**WHAT THIS TASK INVOLVES:** Where a line contains "Contact us –", begin there and restate word for word every line to the end of the entries below, pictures excluded.

• • • •

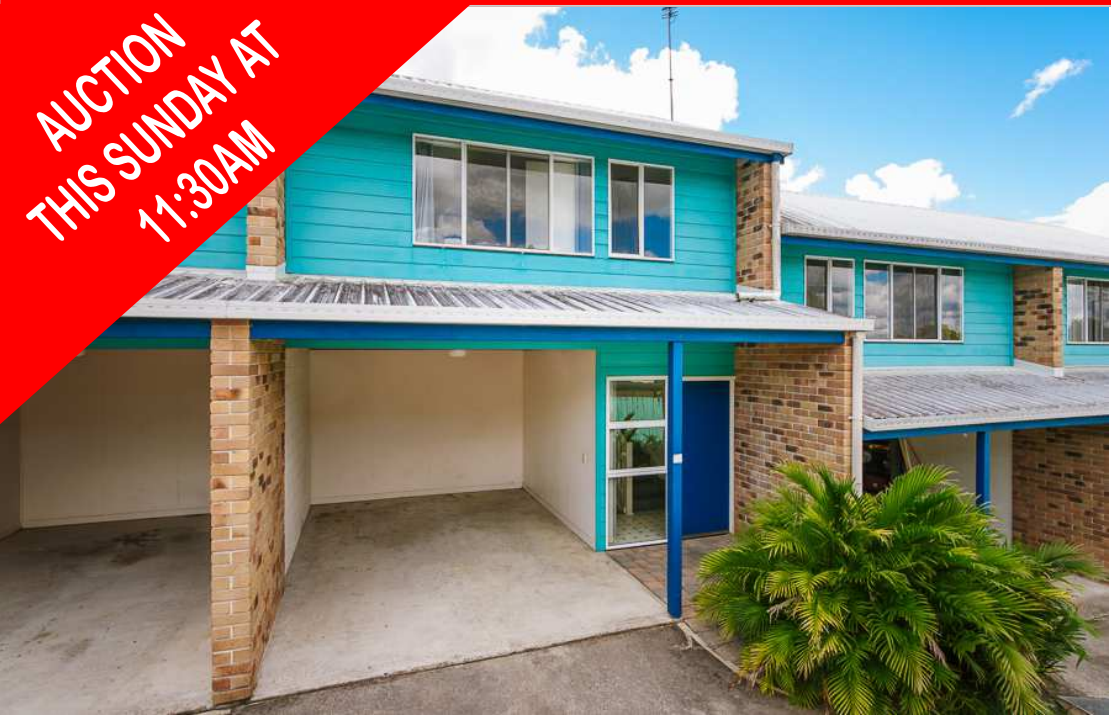
NAMBOUR - 2/8 Solandra Street AUCTION ON SITE 2nd OCTOBER at 11:30am
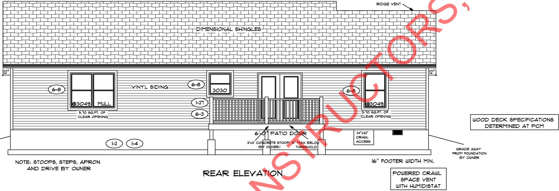
NOTE: STOOPS, STEPS, APRON AND DRIVE BY OWNER REAR ELEVATION
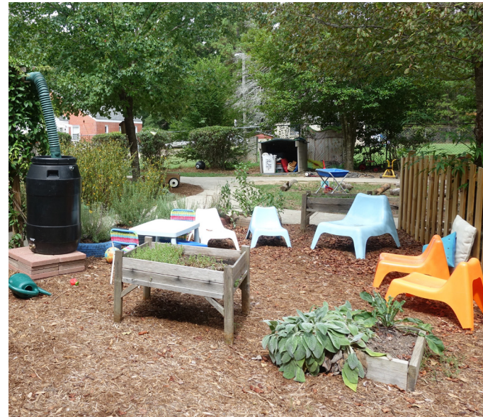
5. A gathering space adjacent to active play settings.

Multi-purpose lawns support high-energy group games, water play, and the exuberant joy of running – activities that promote cooperation and gross motor development. Lawns provide an ideal space for play with balls and other types of mobile
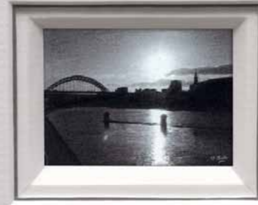
G a t e s h e a d M i l l e n n i u m B r i d g e I I
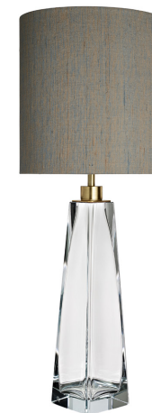
DIAMOND SQUARE OBELISK TABLE LAMP TL709 DIAMOND & CLEAR & BRUSHED GOLD WITH 11" TALL DRUM SHADE H: 43 cm (16.93") x D: 11.5 cm (4.53")
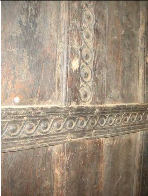
Plate 3 Screen detail
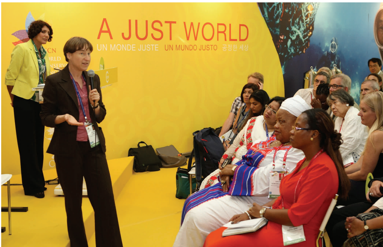
Participants at a session held in the Just World Pavilion at the 2012 IUCN World Conservation Congress
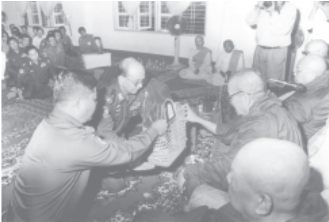
Lt-Gen Thein Sein presents offertories to a Sayadaw.
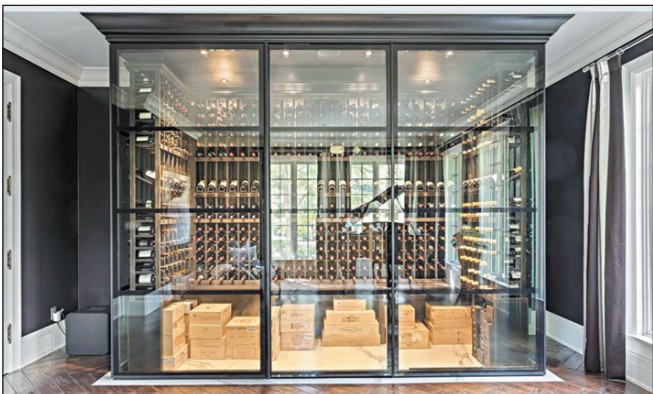
The Elm Grove home has a wine room to fit an large amount of wine.
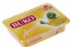
Buko cream cheese with pineapple 70% idm 200 g item: 66010-4
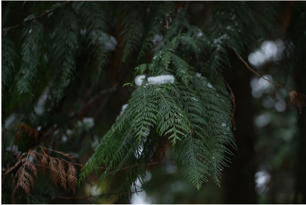
Figure 3: Western red cedar branches
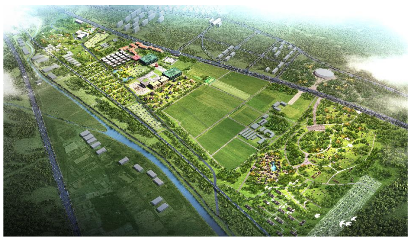
RV World Camping Park

The campsite has racing tracks, rock climbing, indoor and outdoor swimming pools, fitness equipment and other facilities. Camping will be a relaxed experience.
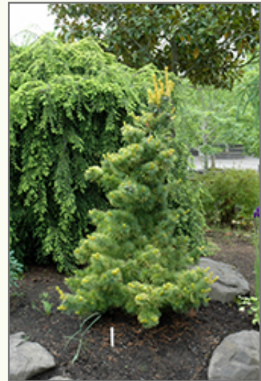
Goldilocks Japanese White Pine in spring

This shrub does best in full sun to partial shade. It prefers dry to average moisture levels with very well-drained soil, and will often die in standing water. It is not particular as to soil type or pH, and is able to handle environmental salt. It is somewhat tolerant of urban pollution. This is a selected variety of a species not originally from North America.
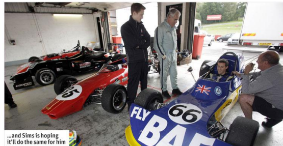
...and Sims is hoping it'll do the same for him

"It reacted properly and it's the first one in which I've really felt the aero – it gives you a bit more confidence."
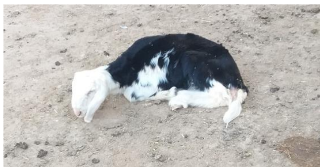
Figure 5: A 3-month-old female lamb of the Najdi breed had a deficiency of vitamin D3, showing marked depression, poor body and hair condition, and recumbency.
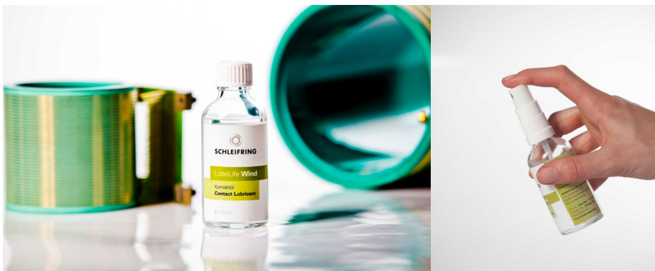
► LubeLife contact oil for the maintenance of rotary joints

Contact us – contact details can be found at the end of the brochure.
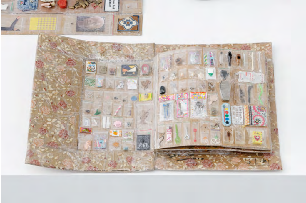
Thomas Cap de Ville Farewell Youth (detail)

• • • •

**WRITTEN REPLY:**
Contact us – contact details can be found at the end of the brochure.
Thomas Cap de Ville Farewell Youth (detail)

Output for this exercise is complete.